The development of the world's largest single-file name data repository could help predict weather and prevent overhyping of hurricanes like Irene.
Forecasters had predicted Irene could devastate cities such as Washington and New York, but instead some of the most severe damage occurred far further inland in states such as Vermont, which was drowned in tropical-storm downpours.
Several post-Hurricane Irene reports pointed to inaccurate forecasts as problematic. As the UK publication, The Guardian, wrote: The "storm surge that could have swamped [Manhattan] failed to materialize." And many New Yorkers were unhappy about having prepared for the worst only to experience little to no damage.
Enter IBM's Data Storage Group at Almaden, Calif., which has proved it can build a 120PB data system by using 200,000 SAS (serial SCSI) drives -- all configured as if it is a single drive under one name. That's roughly 30 times larger than the biggest single data repository on record, according to IBM. The system could store up to 1 trillion files. Even the Wayback Machine, a massive data time capsule created by The Internet Archive to store everything on the Web since 1996, only holds 2PB of data.
IBM said it chose high-performance SAS drives over high-capacity SATA drives because the system has high bandwidth requirements. The drives are also connected via a backbone that uses the SAS (serial SCSI) protocol, but the storage is connected to compute nodes via a proprietary fabric, which IBM would not disclose.
The technology for IBM's massive data store, which the company plans to begin installing in several customer sites later this year, would be ideal for creating more powerful high-performance computing systems that perform tasks such as climate modeling.
To be sure, Hurricane Irene packed plenty of punch. At least 21 people in eight states died as a result of the storm.

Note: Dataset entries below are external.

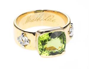 3329. *Bague sertie d'un péridot taille coussin (env. 4 ct) épaulé de...
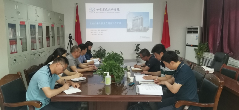 植保所所长、党总支书记郭致杰对黄宏坤处长一行的到来表示欢迎,就主持承担的甘肃省农业入侵物种普查和重点监测项目进展、质量控制、发生防治情况和技术指导培训及科普宣传等工作进行了汇报交流,就项目实施过程中存在的问题进行咨询交流讨论。并带领专家组参观了我院外来入侵生物监测与风险评估重点实验室采集制作的入侵植物标本、病虫标本及所昆虫标本库等,并在七里河、西固等地进行了现场核查。
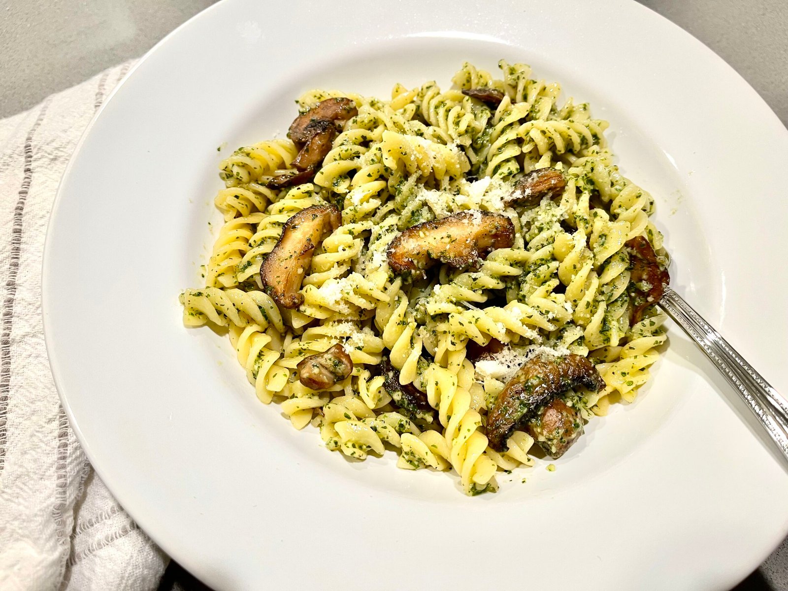 Fusilli Pasta with Basil Pesto & Sauteed Mushrooms

And early estimates for damage top $7 billion. But most models showed the storm hitting the East Coast with far more force than it did.

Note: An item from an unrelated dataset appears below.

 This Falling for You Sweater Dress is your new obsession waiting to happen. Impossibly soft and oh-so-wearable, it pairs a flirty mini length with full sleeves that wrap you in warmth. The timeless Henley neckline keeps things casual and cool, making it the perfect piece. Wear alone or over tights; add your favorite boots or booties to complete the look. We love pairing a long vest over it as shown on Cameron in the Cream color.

"As with any of these high-performance computing simulations ... the more variables you can look at, the more granular you can be, the better the models. Hopefully, the better the model, the better the prediction," said Bruce Hillsberg, director of Storage Systems Research at IBM. While IBM used the weather simulation as an example, it would not say who its customers were for the data store.

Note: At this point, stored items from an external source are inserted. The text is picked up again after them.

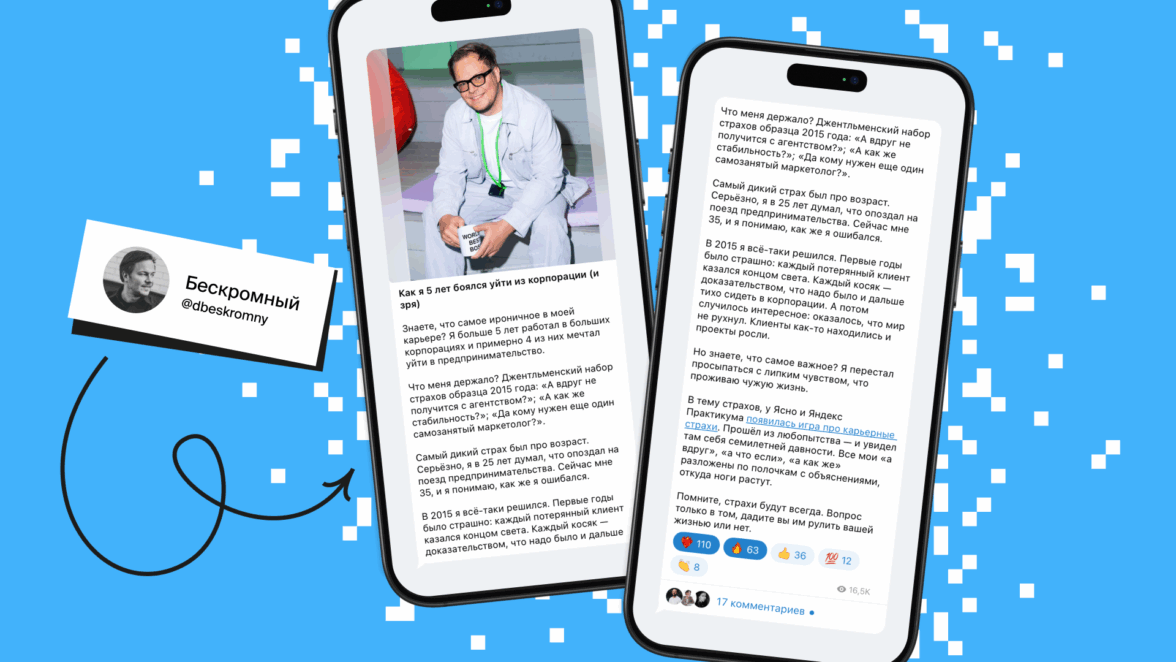 Интеграции с блогерами сделали максимально нативными и подкрепили тему реальными историями. Например, автор канала «Бескромный» поделился, как пять лет боялся уйти из корпорации на фриланс из-за страха, что ничего не получится. Аудитория это оценила. Люди писали в комментариях, что блогер затронул больную тему.
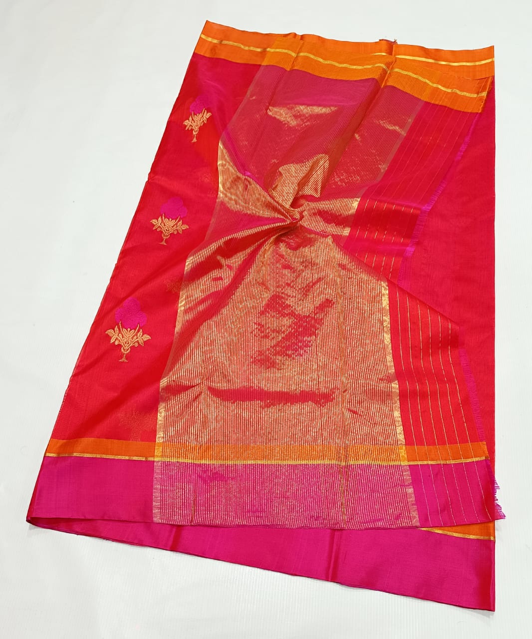 Red Chanderi Handloom Pattu Silk Eknal Buttas Saree
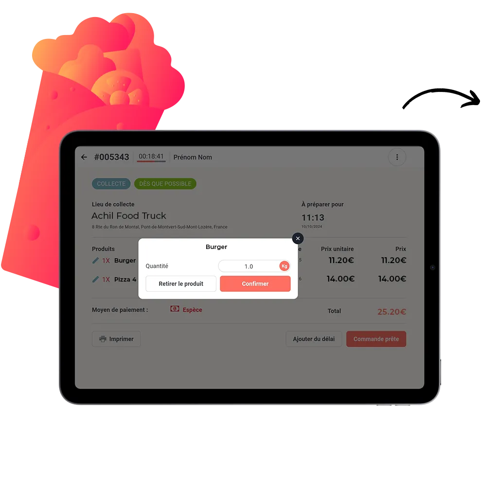 Besoin d’ajustez une commande en ligne ? Retirez un produit ou une option qui n’est plus disponible – Ajustez le poids exact pour un produit vendu au poids – Modifiez l’heure à laquelle la commande sera prête en ajoutant du délai.
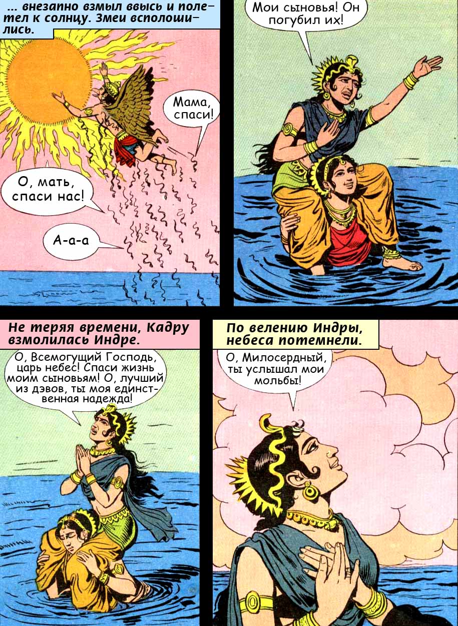 Вината отнесла на остров свою сетсру Кадру, а Гаруда по просьбе матери перенес всех змей. Когда летающий сын Винаты взмыл ввысь, к самому солнцу, змеи под нестерпимо палящими лучами впали в бесчувствие. Видя, что ее дети в опасности, Кадру принялась молиться Господу Индре: "Почтительно склоняюсь перед тобой, о владыка полубогов, склоняюсь перед тобой, о сокрушитель целых армий! Склоняюсь перед тобой, о победитель Намучи, о тысячеокий муж Сачи. Пусть хлынут твои воды и спасут змей, припекаемых пылающими солнцем. Только ты можешь спасти нас от всех опасностей, о лучший из бессмертных!
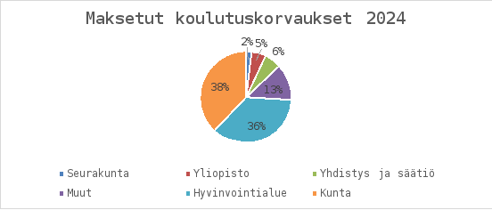 Tarkasteltaessa koulutuskorvauksen saaneita työnantajia vuosina 2023 ja 2024 huomataan, että korvausta hyödyntävät erityisesti julkisen sektorin toimijat, erityisesti hyvinvointialueet ja kunnat. Vuonna 2023 yli 70 prosenttia koulutuskorvauksen saajista oli kuntia ja hyvinvointialueita. Viisi eniten koulutuskorvausta saanutta työnantajaa saivat kukin korvausta yli 300 000 euroa.
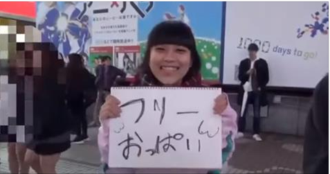 東京・渋谷のハチ公前広場で「フリーおっぱい」と書かれたスケッチブックを掲げ、通行人に胸を触らせるなどしたとして、

IBM's 120PB data store has yet to be built. The company will be assembling it in the data centers of several customers over the next year, but the base technology to build the systems has been around for many years. The technology, IBM's General Parallel File System (GPFS), is already used in a number of IBM products, including its scale-out NAS (SONAS) array, which IBM brought to market last year, and can scale to 14PB of capacity. IBM also uses GPFS in its strategic archive product called the IBM Information Archive, as well as its cloud storage service offerings.
The technology could give several days warning for impending floods.
IBM has been using GPFS to build massive data stores since 1998. Back then, the largest single virtual drive was 43TB, a capacity that's easily achieved in a single data center rack today.
In fact, IBM's GPFS technology was the data store behind IBM's Watson supercomputer, which earlier this year demonstrated its processing prowess by handily beating champions of the game show Jeopardy. That system boasted a 21.6TB data store.
It was for that very reason, the massive growth in customer data storage requirements, that IBM built its latest GPFS storage system.